A Novel Classifier-Guided Ensemble Framework for Global Terrestrial Evapotranspiration Estimates
Abstract. Evapotranspiration (ET) is a key hydrological and meteorological variable, serving as the critical nexus between water and energy exchanges. However, accurate estimation of global ET remains a challenging task, as process-based ET algorithms are often inadequate to capture the nonlinear relationship among environmental factors, and the application of data-driven ET algorithms is hindered by sparse and uncertain ET observations. In this study, we developed a novel ensemble framework that integrates three existing ET models (process-based algorithm, machine learning-based ET model, and hybrid model), aiming to provide high-precision terrestrial ET estimates. The framework is guided by an additional classifier that can achieve dynamic per-pixel model selection, thus fully utilizing the spatiotemporal dynamics of each model's distinct advantages in mapping global ET and avoiding the typical underestimation of high values by ensemble methods. Comprehensive validation of the model was carried out using in-situ ET observations from the FLUXNET2015 dataset, catchment-scale water balance ET dataset, and six global-scale ET products, including comparisons to individual base models and another Attention-Based ensemble model. The quantitative comparisons across statistical metrics (RMSE, MAE, R2, KGE) indicate that our ensemble model outperforms other evaluated models, especially in extreme samples. Meanwhile, the introduction of classifier can not only significantly enhance the algorithmic robustness and generalizability, but also allow us to gain a basic understanding of the mechanisms behind model selection by interpretability analysis. The study demonstrated the effectiveness of the proposed framework in enhancing ET estimation robustness, thereby providing a valuable reference for the estimation of other similar variables.

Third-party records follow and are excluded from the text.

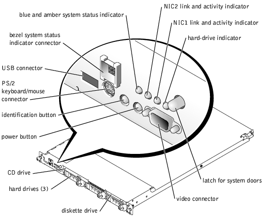 The front panel also incorporates a USB connector, a video connector, and a PS/2 connector to connect a mouse and keyboard using a Y-cable (see Figure 2-2).
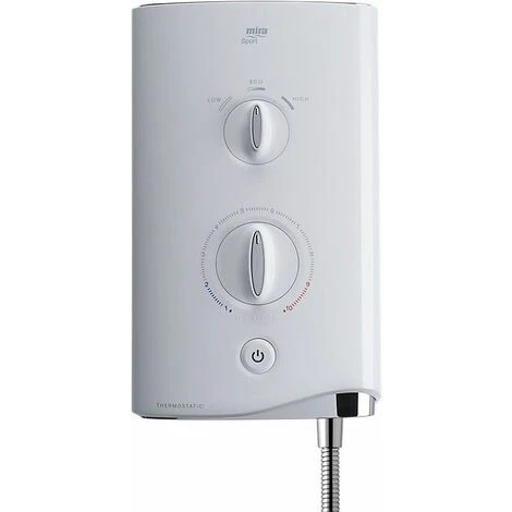 Easy To Use Temperature Control The Mira Sport Thermostatic electric shower couldn’t be easier to use. With a simple push on the on/off button you can bring your shower to life and shut it back down again. The are two controls – one to select how powerful you want your shower (low, eco or high) and one to adjust the temperature, making it quick and straightforward to get your shower just right. |
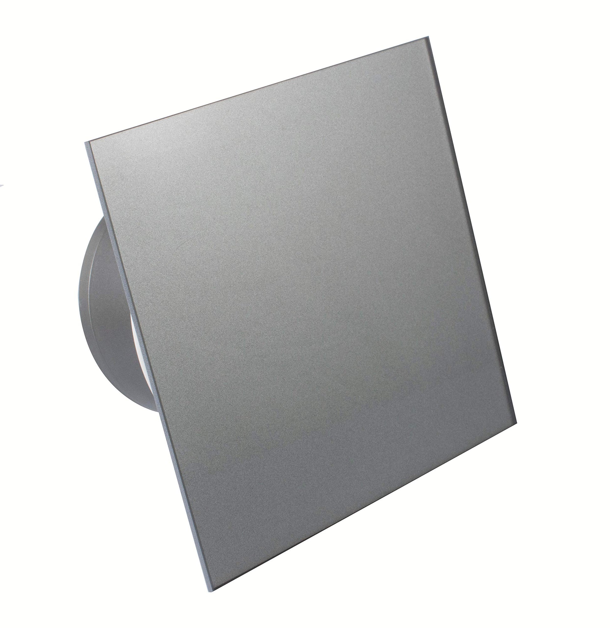 Bathroom fan with integrated backdraft damper, glass front, powerful 105 m³/h, very quiet 39 dB, ball bearings, made in EU. Available in white or silver (105 m³/h).

Overall, I was very impressed with the written manuscript and the scientific rigor of the analysis. The introduction and methods clearly describe the complex ML, ensemble, and processed based ET estimates as well as training and validation analysis. The results showed high accuracy, and the figures were well developed and easily visualized. I have minor comments below:
Line 100: Precipitation was not used as an input covariate. Please provide an explanation for why this was not included.
Line 110: You do a great job outlining the models available with Autogluon. In line 110, you end the list with “etc.” – leading me to believe that there are even more algorithms available. In line 111, can you please list the specific ML algorithms you used?

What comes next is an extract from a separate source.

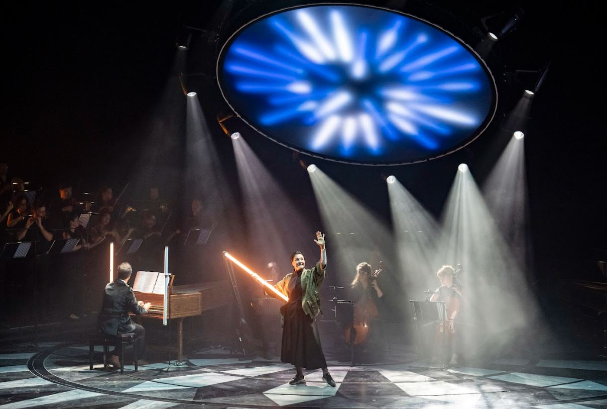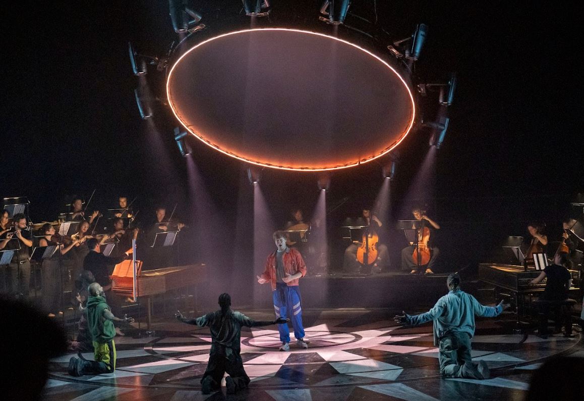 In a production with huge visual appeal, García-Alarcón and the Cappella Mediterranea, electrify the musical appeal of Rameau’s score, adding the visual bonus whenever they reappear from the gloom behind the sunshine of the disc dominated dancers’ stage, with rarely seen period instruments, including many unusual, in the 21st Century, stringed instruments. And we may often see a theorbo in a baroque orchestra, occasionally valveless trumpets, but it is rare to see a musette de cour, the bellows-blown bagpipe of Rameau’s time, with its unique shuttle drones, played with aplomb by Patrick Blanc.

Line 110: You say “Autogluon can combine them” – can you provide more specifics on this (perhaps just changing the phrasing) – did Autogluon combine them in your research OR autogluon can combine them – but you did not in your research. I think simply stating “Autogluon combined all the algorithms mentioned above” would suffice.
Figure 1: This is a great workflow figure – and helps visualize the process.
Line 164: You say you used 6 well known ET products – can you please cite them after the sentence in line 164? Or perhaps say “refer to section 3.3”
Figure 5: Can you include the sites and land cover types of the three lowest RMSE in Line 350 paragraph. It would provide additional detail than “the majority of land covers”. I think even reference table 3 in the paragraph of Line 350 would be helpful.
Table 2: This seems repetitive and unnecessary. It is unclear how it is different than Figure 4.
The overall importance of the paper is not clear. Are the global ET estimates available for public use – if so, is a link available to the dataset and what is the spatial and temporal resolution? If the estimates are available – I recommend making it clear and provide specific details and explanations about the use of the data.
On the other hand, is the paper simply a methodologic paper meant to explain a novel method for estimating global ET –although you explain the research, it would be hard for another researcher to reproduce for local or global ET estimates. If so, I recommend making it clear that the data are meant to remain proprietary, but the manuscript simply provides novel methodology.